→ **AVAILABLE DATA**
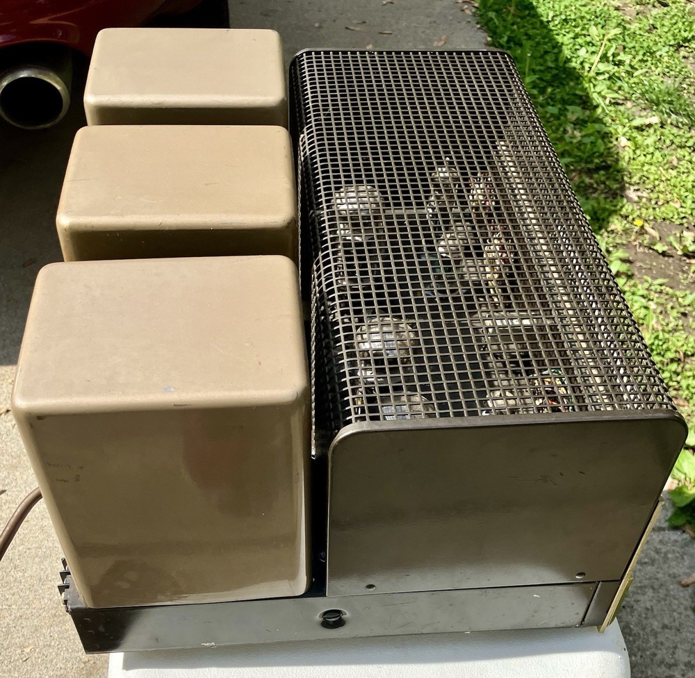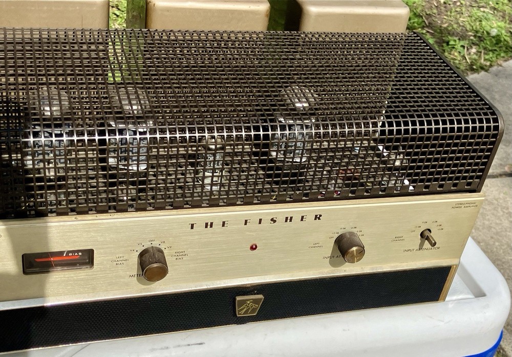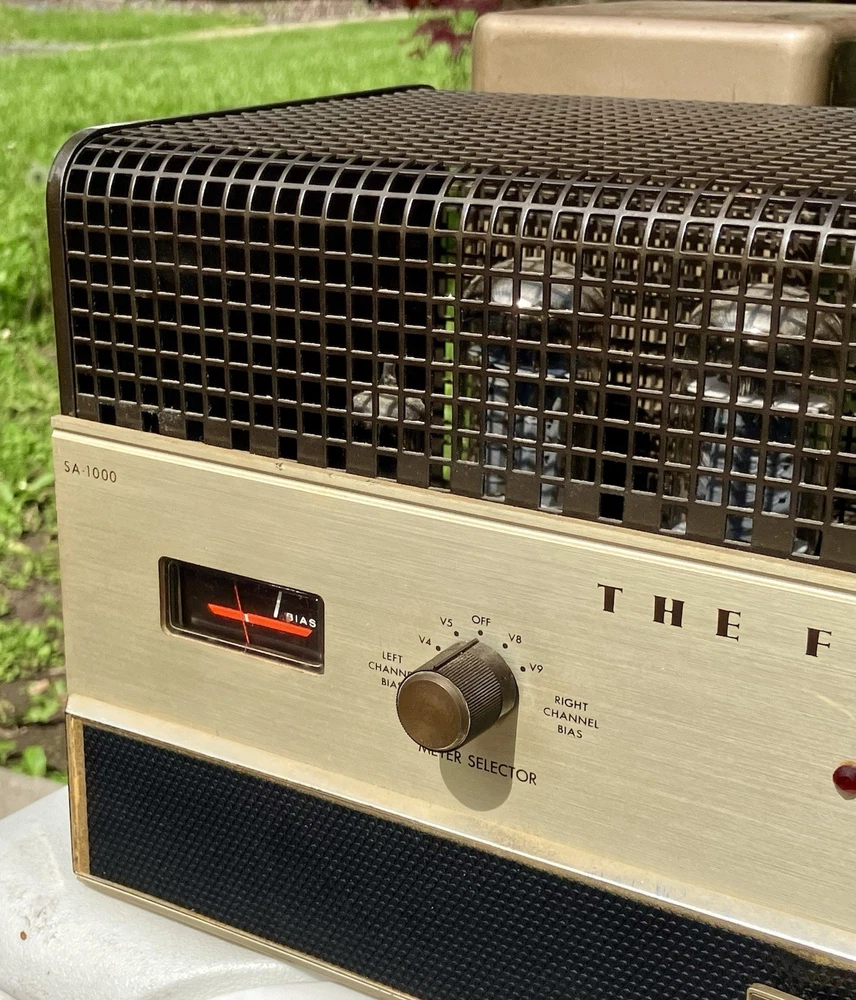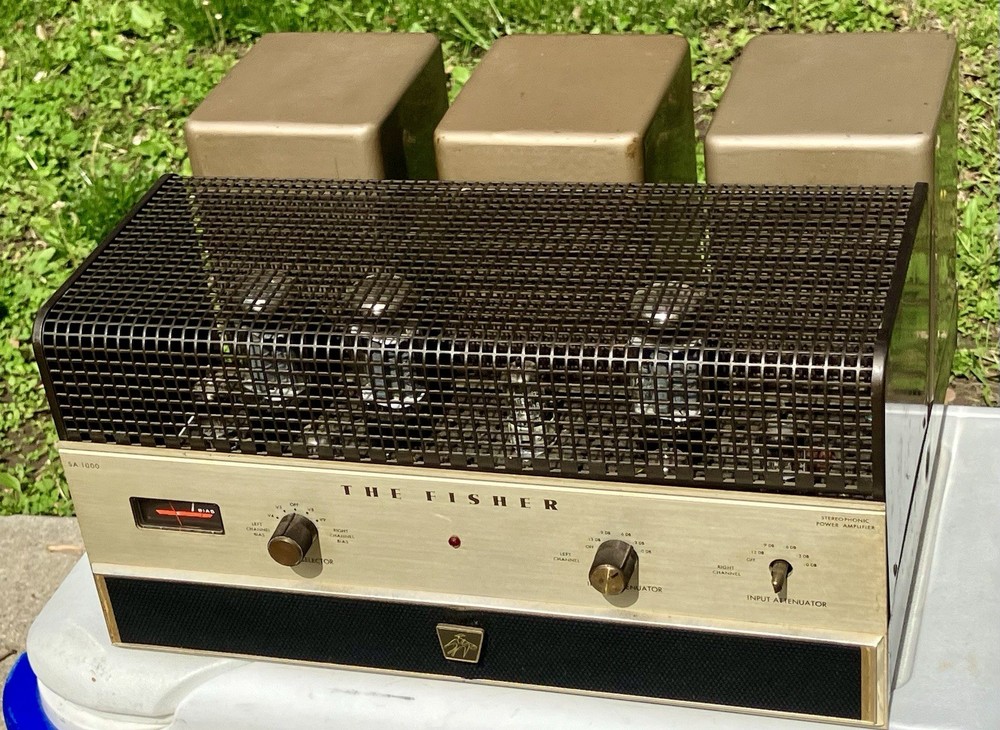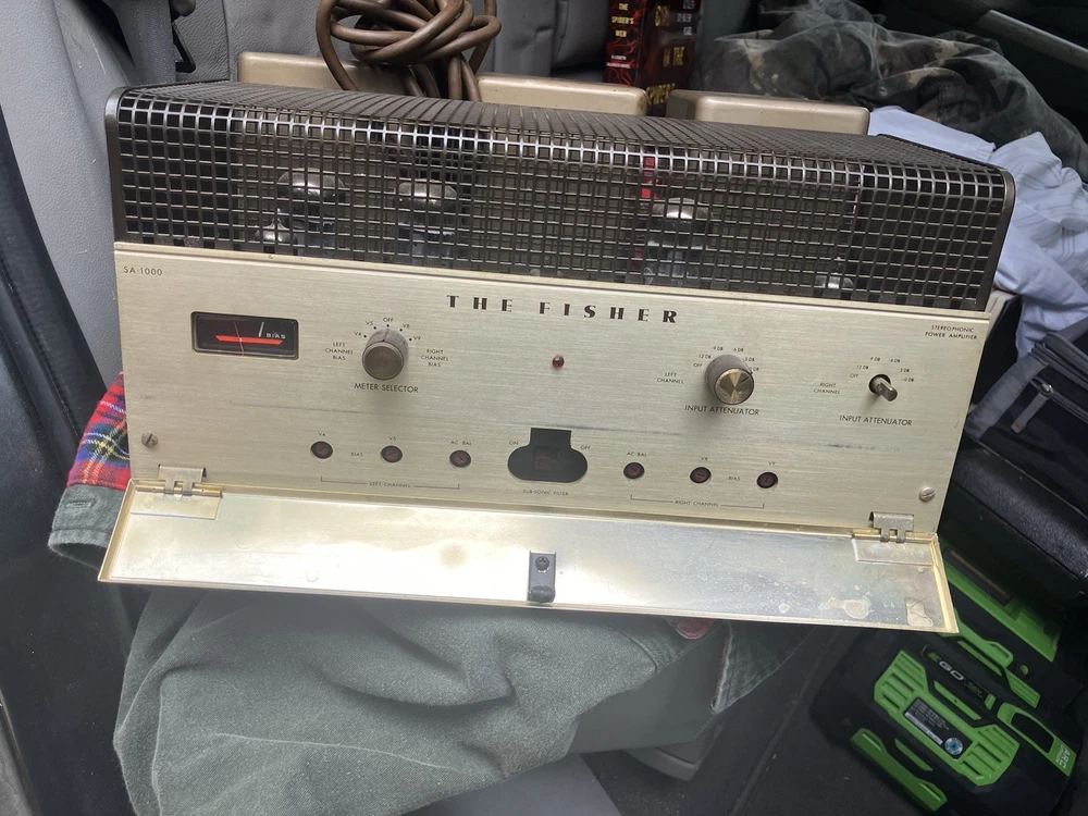 Rare Huge Vintage Fisher Model SA-1000 Stereo Tube Power Amplifier with Cage. It has been sitting unused for many years I am not a tech and have not tried to turn it on or replace the missing tube. Given its age it would advisable to have your tech go through it prior use. As such I am selling it AS-IS/For Parts or Repair. Comes as pictured. I did locate another Fisher knob for it - it is shown in a few of the pics. Still looking for a few brass knob caps. Due to its size, weight and fragile nature I would prefer local pickup in Jerseyville Illinois, Central or Southern Illinois or the metro St. Louis area. I will put a “placeholder” in for shipping. I cannot pack it myself but would be happy to drop off at the packer/shipper of your choice. If shipped I will not be held responsible for any damage or lost package while in transit - that will be between you and your packer/shipper. If you need more pice please LMK and I will provide them.
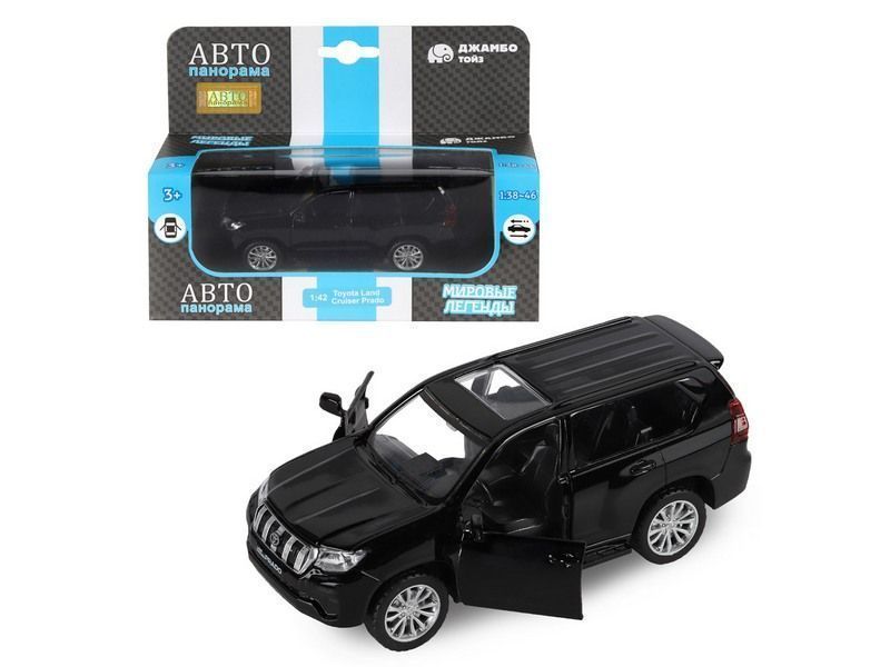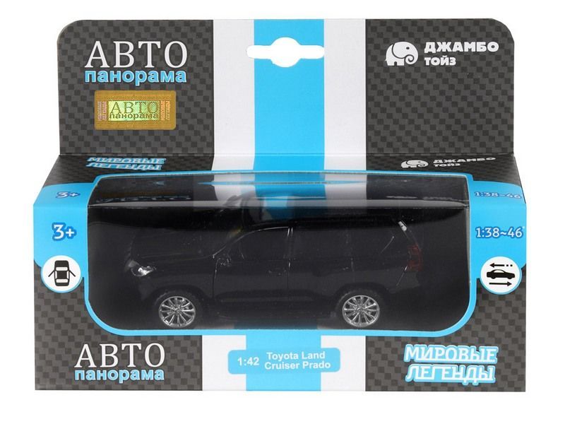 Машина "АВТОПАНОРАМА" Land Cruiser Prado, черный, 1/42, инерция, в/к 17,5*12,5*6,5 см
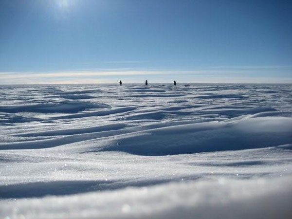 レーススタートの合図が南極の空に鳴り響いたのは、2009年1月4日。気温マイナス20℃、凍てつく晴天のなかを、スキーを装着した6チームが一斉に滑 り出したのです。最初にリードを奪ったのは、英国チーム「QinteiQ」。スコットの無念を晴らすべく、順調な滑り出しを披露。すぐ後に、ノルウェーの 「Missing Link」が続きます。
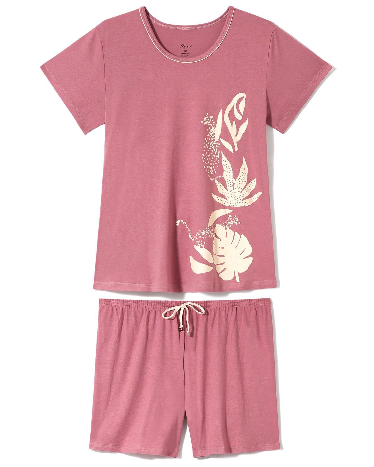Além do debrum na blusa, da estampa de folhagens que realçam o visual e o ajuste decorativo no cós; o elástico bem costurado ao tecido, evita o desconforto e garante que seu pijama tenha uma durabilidade ainda maior.
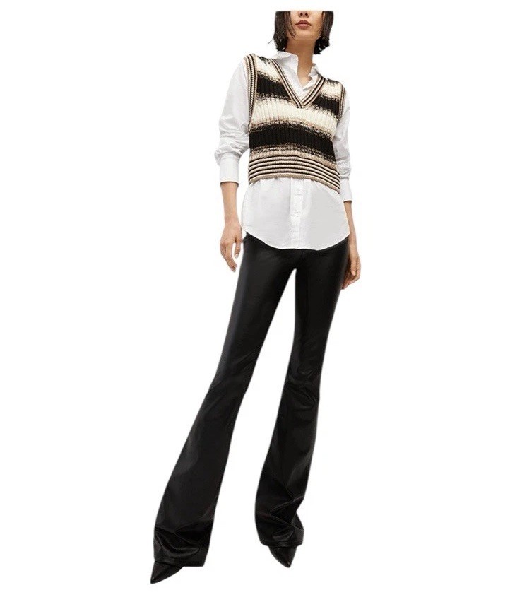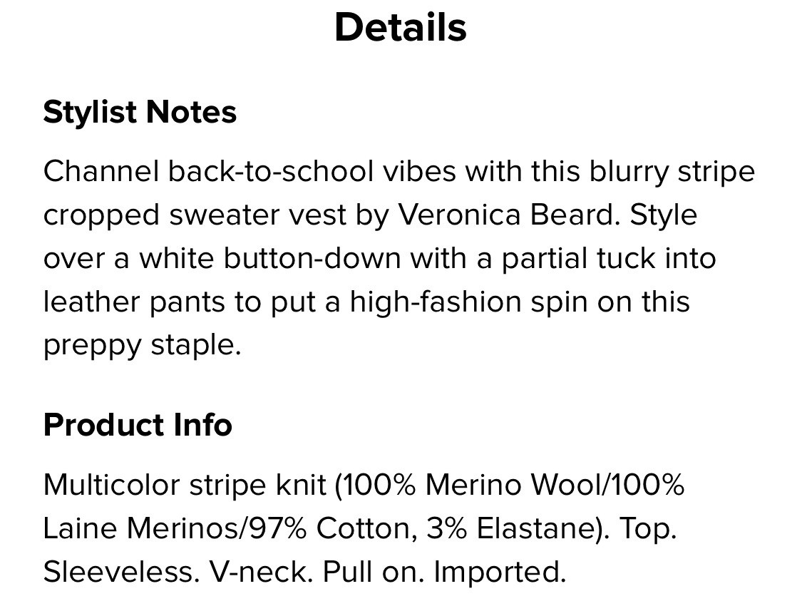 Channel back-to-school vibes with this blurry stripe cropped sweater vest by Veronica Beard. Style over a white button-down with a partial tuck into leather pants to put a high-fashion spin on this preppy staple.
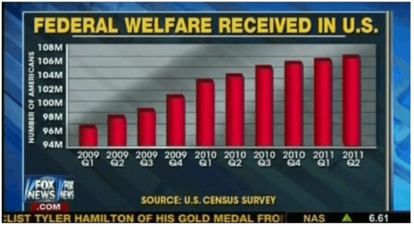 Do you want to make a small change look dramatic? Just chop off the scale. The Y-axis is chopped off at 94 million in the graph above. It makes the increase in federal welfare received look more dramatic. Yes, it did increase but not near as dramatically as this graph looks (like it has gone up by a factor of four). Chopping off part of the scale can mislead the viewer of the graph. Was this intentional? ???
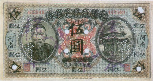 李鴻章像兌換券 伍圓 河南 正面左為李鴻章像;右為重檐八角亭圖;背面北京頤和園萬(wàn)壽山圖 藍(lán)、黑 94×176 美國(guó)鈔票公司 正面為“民國(guó)元年”背面為“1 st OCTOBER 1909”

→ **INSTRUCTIONS FOR THE TASK**
Line by line, reproduce the material above exactly, leaving each picture out.

→ **ANSWER**
 Rare Huge Vintage Fisher Model SA-1000 Stereo Tube Power Amplifier with Cage. It has been sitting unused for many years I am not a tech and have not tried to turn it on or replace the missing tube. Given its age it would advisable to have your tech go through it prior use. As such I am selling it AS-IS/For Parts or Repair. Comes as pictured. I did locate another Fisher knob for it - it is shown in a few of the pics. Still looking for a few brass knob caps. Due to its size, weight and fragile nature I would prefer local pickup in Jerseyville Illinois, Central or Southern Illinois or the metro St. Louis area. I will put a “placeholder” in for shipping. I cannot pack it myself but would be happy to drop off at the packer/shipper of your choice. If shipped I will not be held responsible for any damage or lost package while in transit - that will be between you and your packer/shipper. If you need more pice please LMK and I will provide them.
 Машина "АВТОПАНОРАМА" Land Cruiser Prado, черный, 1/42, инерция, в/к 17,5*12,5*6,5 см
 レーススタートの合図が南極の空に鳴り響いたのは、2009年1月4日。気温マイナス20℃、凍てつく晴天のなかを、スキーを装着した6チームが一斉に滑 り出したのです。最初にリードを奪ったのは、英国チーム「QinteiQ」。スコットの無念を晴らすべく、順調な滑り出しを披露。すぐ後に、ノルウェーの 「Missing Link」が続きます。
Além do debrum na blusa, da estampa de folhagens que realçam o visual e o ajuste decorativo no cós; o elástico bem costurado ao tecido, evita o desconforto e garante que seu pijama tenha uma durabilidade ainda maior.
 Channel back-to-school vibes with this blurry stripe cropped sweater vest by Veronica Beard. Style over a white button-down with a partial tuck into leather pants to put a high-fashion spin on this preppy staple.
 Do you want to make a small change look dramatic? Just chop off the scale. The Y-axis is chopped off at 94 million in the graph above. It makes the increase in federal welfare received look more dramatic. Yes, it did increase but not near as dramatically as this graph looks (like it has gone up by a factor of four). Chopping off part of the scale can mislead the viewer of the graph. Was this intentional? ???
 李鴻章像兌換券 伍圓 河南 正面左為李鴻章像;右為重檐八角亭圖;背面北京頤和園萬(wàn)壽山圖 藍(lán)、黑 94×176 美國(guó)鈔票公司 正面為“民國(guó)元年”背面為“1 st OCTOBER 1909”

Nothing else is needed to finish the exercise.